Available in limited edition hardback (though not for much longer), paperback and on Kindle.

The second book of the Apollo Quartet, *The Eye With Which The Universe Beholds Itself*, was be released in the next couple of weeks. It's currently available for pre-order.


----------



## HareBrain

Impressive reviews on Amazon too. I've just ordered the hardback.


----------



## Nesacat

Congratulations Ian.


----------



## Brian G Turner

Ian, are you going to make the physical books available via Amazon? I can only find the Kindle edition there.


----------



## iansales

Amazon takes a 60% discount for books it sells - no negotiation - and I have to pay postage to their warehouse. Which means I make a loss on every book I sell through them. So for hardbacks and paperbacks, it's best to use my online shop at http://shop.whippleshieldbooks.com/

(After all, I'd like Whippleshield Books to at least pay for itself )


----------



## Gary Compton

Is it not possible to not use their warehouse and despatch yourself?


----------



## iansales

Gary Compton said:


> Is it not possible to not use their warehouse and despatch yourself?



They order the books from the supplier, which is me, and stock them in their warehouse. At present, they only order copies when someone has bought one on their website. If they suddenly decided there were 100 potential sales of *Adrift on the Sea of Rains*, I would have to supply them with 100 copies at a 60% discount and pay for the shipping.


----------



## Stephen Palmer

Nice 1, Ian.


----------



## Boneman

Good going, Ian. Amazon sucks...


----------



## A. S. Behsam

WOW! Congratulations, Ian! I'm so proud of you!


----------



## Juliana

Congratulations!


----------



## JoanDrake

Good going.

It makes one wonder why anyone would market hardbacks through Amazon as it seems to involve considerable financial risk if the book is successful.


----------



## iansales

JoanDrake said:


> Good going.
> 
> It makes one wonder why anyone would market hardbacks through Amazon as it seems to involve considerable financial risk if the book is successful.

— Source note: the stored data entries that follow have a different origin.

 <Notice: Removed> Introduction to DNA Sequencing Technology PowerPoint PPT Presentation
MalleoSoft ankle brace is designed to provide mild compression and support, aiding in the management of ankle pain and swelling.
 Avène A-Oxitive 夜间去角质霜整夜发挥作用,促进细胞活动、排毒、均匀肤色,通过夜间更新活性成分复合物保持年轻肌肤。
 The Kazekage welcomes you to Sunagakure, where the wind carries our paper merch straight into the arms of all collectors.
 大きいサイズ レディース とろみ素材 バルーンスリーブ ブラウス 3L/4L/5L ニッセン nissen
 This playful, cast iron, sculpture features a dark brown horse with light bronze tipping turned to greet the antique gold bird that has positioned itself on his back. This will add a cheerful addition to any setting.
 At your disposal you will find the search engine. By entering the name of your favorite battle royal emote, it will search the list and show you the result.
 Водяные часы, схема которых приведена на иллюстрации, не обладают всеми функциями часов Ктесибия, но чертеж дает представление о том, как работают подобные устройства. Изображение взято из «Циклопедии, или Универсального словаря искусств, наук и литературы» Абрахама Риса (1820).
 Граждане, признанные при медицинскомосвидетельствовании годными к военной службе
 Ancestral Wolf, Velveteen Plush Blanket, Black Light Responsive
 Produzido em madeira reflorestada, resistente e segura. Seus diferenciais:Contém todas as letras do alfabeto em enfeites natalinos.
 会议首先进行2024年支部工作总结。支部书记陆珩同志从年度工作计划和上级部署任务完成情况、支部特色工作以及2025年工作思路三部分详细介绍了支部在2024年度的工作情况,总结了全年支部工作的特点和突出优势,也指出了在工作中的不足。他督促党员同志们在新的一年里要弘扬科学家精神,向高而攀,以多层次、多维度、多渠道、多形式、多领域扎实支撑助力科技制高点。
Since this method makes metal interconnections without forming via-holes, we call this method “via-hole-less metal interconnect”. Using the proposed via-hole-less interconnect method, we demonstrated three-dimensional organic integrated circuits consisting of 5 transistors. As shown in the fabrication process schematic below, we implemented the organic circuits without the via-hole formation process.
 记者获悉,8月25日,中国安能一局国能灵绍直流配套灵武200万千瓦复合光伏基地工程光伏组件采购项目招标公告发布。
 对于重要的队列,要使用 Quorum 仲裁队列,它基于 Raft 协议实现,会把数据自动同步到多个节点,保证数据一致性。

I imagine unit costs are much lower for the big imprints. They can probably also negotiate better discounts than Amazon impose on me.


----------



## Tyler Danann

Well done Ian!  You've got the media a-buzz!

The torsion-field-generator sounds interesting too.
The description on Amazon seemed a little confusion though mate.
It mentions using the TFG to find an alternate world but then wanting to return to earth (which is an irradiated ruin)?  Is that so they can gather colonists??


----------



## iansales

Tyler Danann said:


> Well done Ian!  You've got the media a-buzz!
> 
> The torsion-field-generator sounds interesting too.
> The description on Amazon seemed a little confusion though mate.
> It mentions using the TFG to find an alternate world but then wanting to return to earth (which is an irradiated ruin)?  Is that so they can gather colonists??



I guess you'll have to buy it to find out


----------



## iansales

And now the second book of the Apollo Quartet, *The Eye With Which The Universe Beholds Itself*, has been picked out as one of half a dozen genre releases in January in the UK on tor. com. See here.

Incidentally, *The Eye With Which The Universe Beholds Itself* is available for pre-order here, and I'm expecting the printer to deliver the books tomorrow. The Kindle version will go up on Amazon over the weekend.


----------